2012, «ЧасКор»[22]
Все, кто интересуется текстами популярного в России французского литератора Мишеля Уэльбека, помнят: в апреле 2019-го Эмманюэль Макрон вручил ему, «великому и ужасному», орден Почетного легиона, учрежденный еще Наполеоном в начале позапрошлого века: высшую награду сладкоголосой Франции. Так – наконец-то – «enfant terrible» стал Рыцарем Ордена. Как сообщили информационные агентства, президент Франции заявил: «Произведения писателя не являются пессимистичными, а „полны надежды на лучшее будущее“». Это парадоксальное уточнение мсье Макрона является тем более забавным, что последний на данный момент уэльбековский роман «Серотонин»[23], о котором не писали разве что самые ленивые или уставшие от горестной своей писанины критики (поэтому спойлеров для все еще не осиливших книгу не будет), – самый черный его роман. Оторваться от него, впрочем, как ни крути у виска, непросто: чужое психболото затягивает.
Роман, бесспорно, плохо написанный. Возможно, худший (с точки зрения стиля) текст «Рыцаря печального образа»-XXI. Все больше грешит 60+летний Мишель сбоями вкуса, все паршивей редактирует «википедические» абзацы, напрасно пытаясь поразить чье-то рассеянное внимание малозначимыми деталями, без которых можно было б легко обойтись – ну или сократить вдвое, имеющий уши да услышит: «Компания Graindorge, основанная в 1910 году в Ливаро, после Второй мировой войны занялась также камамбером и пон-левеком и пребывала когда-то в зените славы (будучи бесспорным лидером по производству ливаро, она занимала вторые строчки в рейтингах производителей двух других сыров нормандской триады), но в начале нового столетия вошла в кризисную спираль, закручивавшуюся все туже, вплоть до момента, когда в 2016 году Graindorge была выкуплена компанией Lactalis, мировым лидером молочной индустрии…» – от скуки скулы сводит, не так ли? Речь все-таки о художественном произведении, а не о статье в ежедневной газете, хотя все относительно, и серьезная проза порой чего только не миксует. Главное сделать талантливый микс из текстов разных жанров – «всего-то» дел! У Уэльбека с талантливым миксованием есть некоторые проблемы.
Впрочем, не раз он отмечал в интервью, что де не любит г-на Набокова и прочих так называемых стилистов.
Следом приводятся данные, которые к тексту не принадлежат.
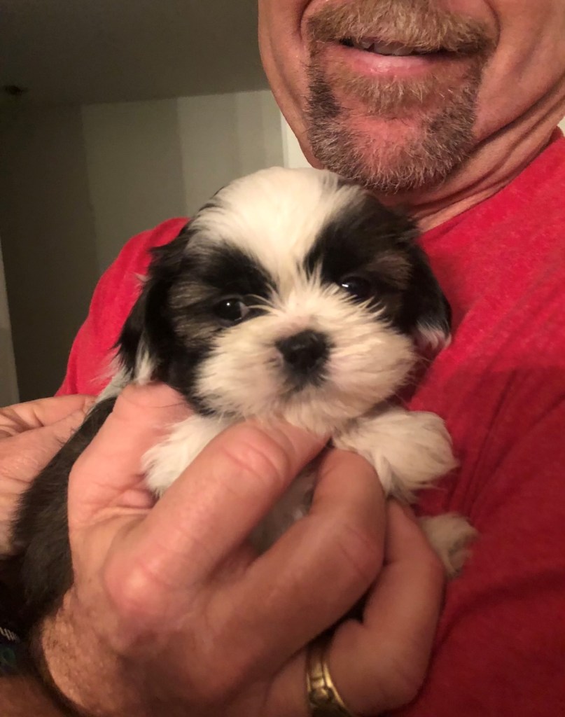 Here’s Boss as a cute little puppy, even smaller than he is now! Tom is holding him and protecting him as he grows up to be a strong, small defender of the house!

Быть может, оттого что его-то рыцарские stories (по обыкновению ладно скроенные и крепко сшитые), представляют собой собственно литслепок с его внешности. И хотя переходить с разбора текста на персону автора – дело предосудительное, позволительным все же будет отметить вольно или невольно, что «стертый язык» мсье уж очень напоминает «стертый» облик его самого: одно произрастает из другого. С лица воду не пить, но увы – сообщающиеся сосуды, и вот уж «мятая» физиономия скандальной знаменитости зеркалит «мятые» книжные фразы… Или с возрастом стал хуже писать?.. Ленив?.. Пожалуй, да: махнул на буквы рукой, ведь в тех же романах «Карта и Территория», «Возможность острова» или «Платформа» Мишель не был столь стилистически предсказуем. Хотя, возможно, дело еще и в самоповторах.
Попытка поэтизации уродства и жизненного распада терпит в «Серотонине» провал. Что еще скучнее (но, увы, реалистичнее): Уэльбек не пытается сколько-то романтизировать душевное расстройство персонажа намеренно – он механически, словно куклу, разбирает его на всевозможные составляющие, «крепит» на распялки чел-овечьего вивария и ставит острые, in vivo, опыты, размышляя, какую еще душевную пытку придумать для читающей публички, которая не сидит на антидепрессантах, насмерть поражающих угасающее воображение libido. И это еще один «стертый» прием, далеко не всегда работающий. Автор в своей якобы безоценочности и дистанцированности по отношению к происходящему с персонажем ставит читающему ловушку из букв, но сам в нее же и попадает. Буквы не прощают. Прием максимального отстранения пишущего от собственного текста действует на читателя порой полярным образом: не «трясет», не цепляет. Жесткого, внезапного нападения на чужие чувства не случается, а ведь как раз на него (на это самое нападение) Уэльбек наверняка рассчитывал, создавая «смятое» полотно из букв – ан слишком многое считывается еще до того, как автор поставил точку. Тем не менее этот мрачный роман не отпускает Homo Legens до самого финала, царапая, если уж не выскребая до дна, подноготную бессознательного… и тут уместен пассаж Ежи Леца: «Я думал, что опустился на самое дно, как вдруг снизу постучали».